02.07.2007 03:41
Ah the soothing relief of progress
Today was a good day. I FINALLY figured out what was causing my erratic leakage problem, it wwas the quality of the silicon wafers I was using. I was using test grade wafers. This week I used virgin prime wafers, and my first wafer had most of it's leakage values reaching the floor of the multimeter. So with the combination of ensuring that the pallet is coated with tantalum, covering the anodization tank, and using expensive virgin prime wafers, I think I finally have a repeatable process worthy of further study. Low leakage at 10 V isn't enough. I have to make sure that the leakage stays low even at 50 V. That is going to be hard since my previous results show that leakage flux increases exponentially with voltage. I've read papers about it being due to an ionic conduction mechanism. Some have mentioned Frenkel-Poole conduction. I've also read that hydrogenating the tantalum metal before anodization increases it's ductility and plasticity. I wonder if hydrogenating the oxide will help fill in those interstitial points and prevent ions from filling in. That would help make the leakage behavior linear, if the leakage theory I've read about is correct. There is also the idea of a pulsed anodization process, and how that affects the structure and stoichiometry of the film being formed. I've started to find papers of people who have modeled this. Turs out that a guy by the name of Lawrence Young has been studying anodized Ta for the past 40 years! He's pretty much the world's expert on this process.

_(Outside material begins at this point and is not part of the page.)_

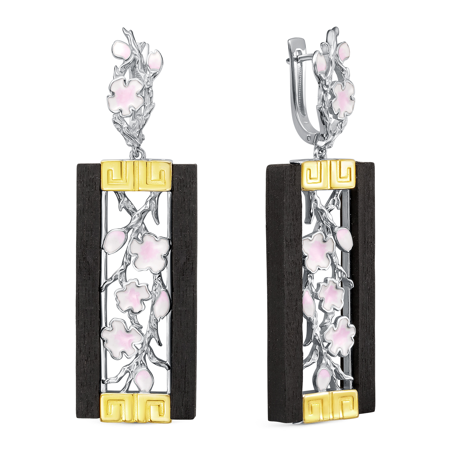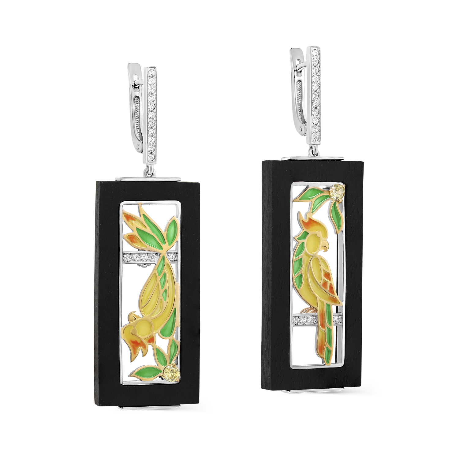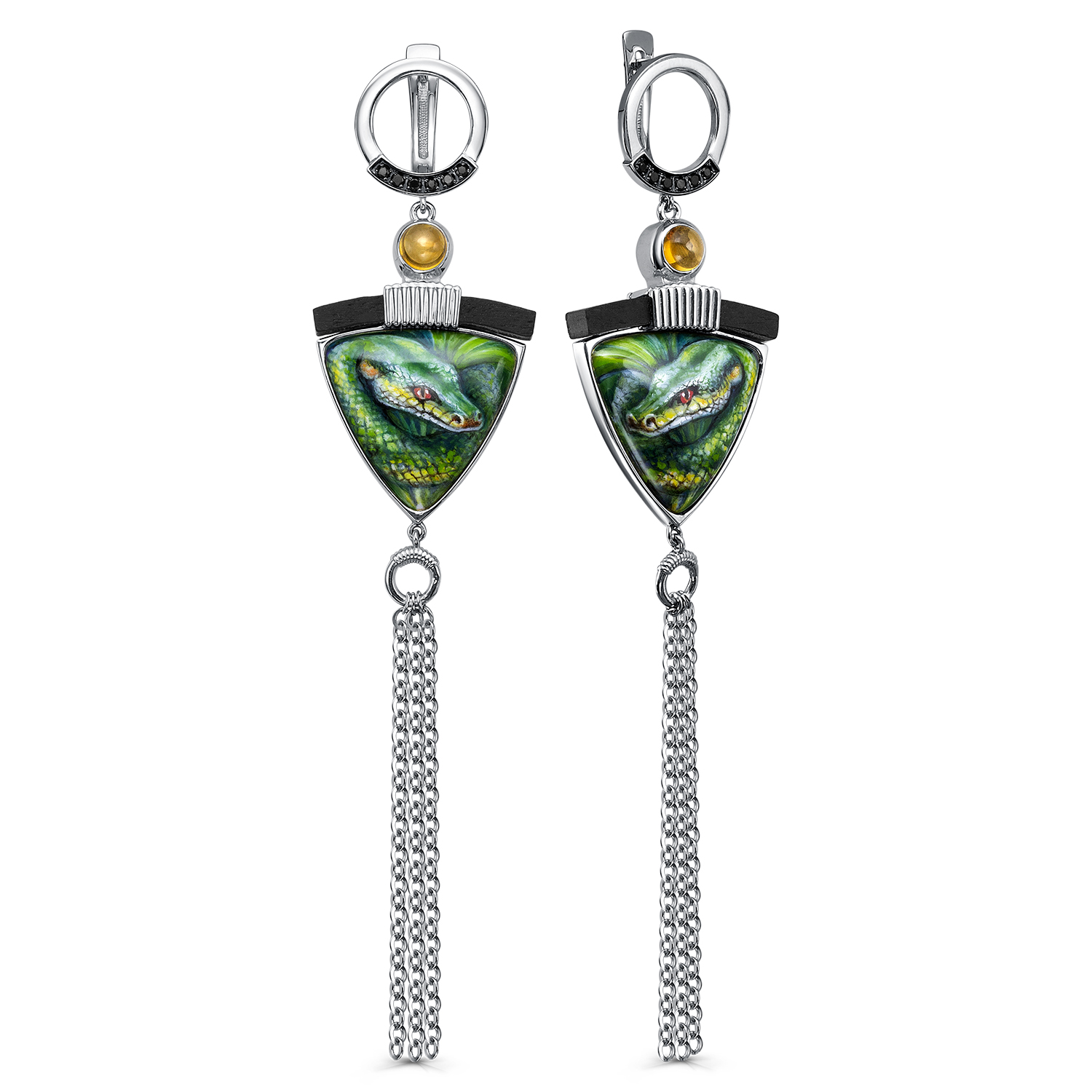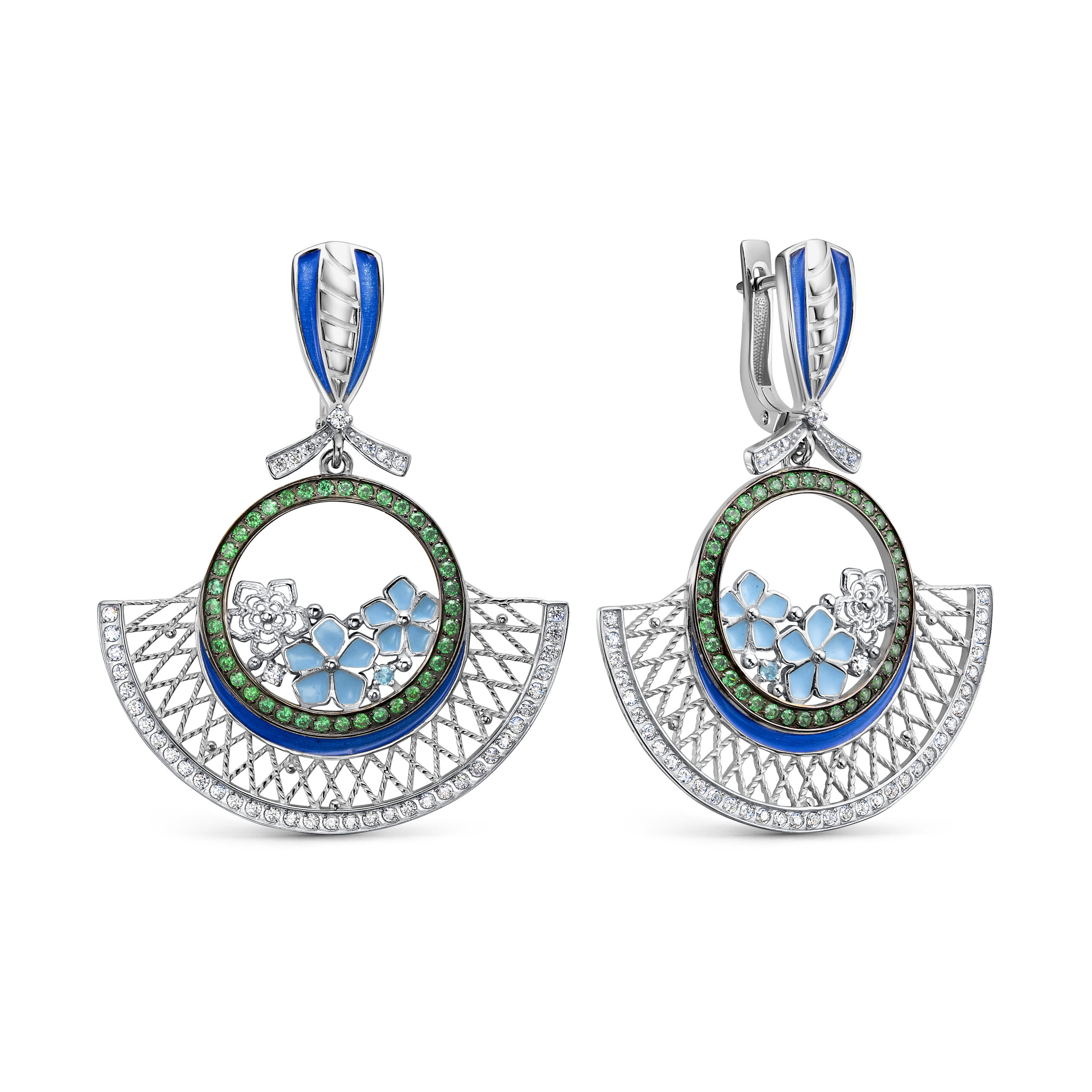 Серьги с английским замком из серебра с шпинелью, топазом, эмалью

Well I'm going to try and install pkgsrc on my Solaris 9 box. I want to install nethack on this thing.
-----02.02.2007 17:39
Not published yet, but this is close
They talked about me on A.S.U.'s little engineering news magazine. Here is a rough draft of the article they will be publishing soon flexible displays featured on full circle magazine
That giant picture of my mug is being reflected off of a wafer coated with tantalum pentoxide. On top of the film are over 2022 aluminum capacitor dots I deposited with my sputtering machine, King Kong ( formally known at the MRC-603-II ). Behind that is a screen of a wafer map I made using an Electroglas 2001 automated prober. The map shows leakage flux uniformity across the entire wafer area. That's my best film so far, wafer 3 of my first experiments. I have yet to repeat it ^_^. The anodization process is very sensitive to metal contamination, and since the film is made by oxidizing metal it's very hard to reproduce a high quality film. Most of my time is spend trying to figure out where I'm being sloppy inmy process.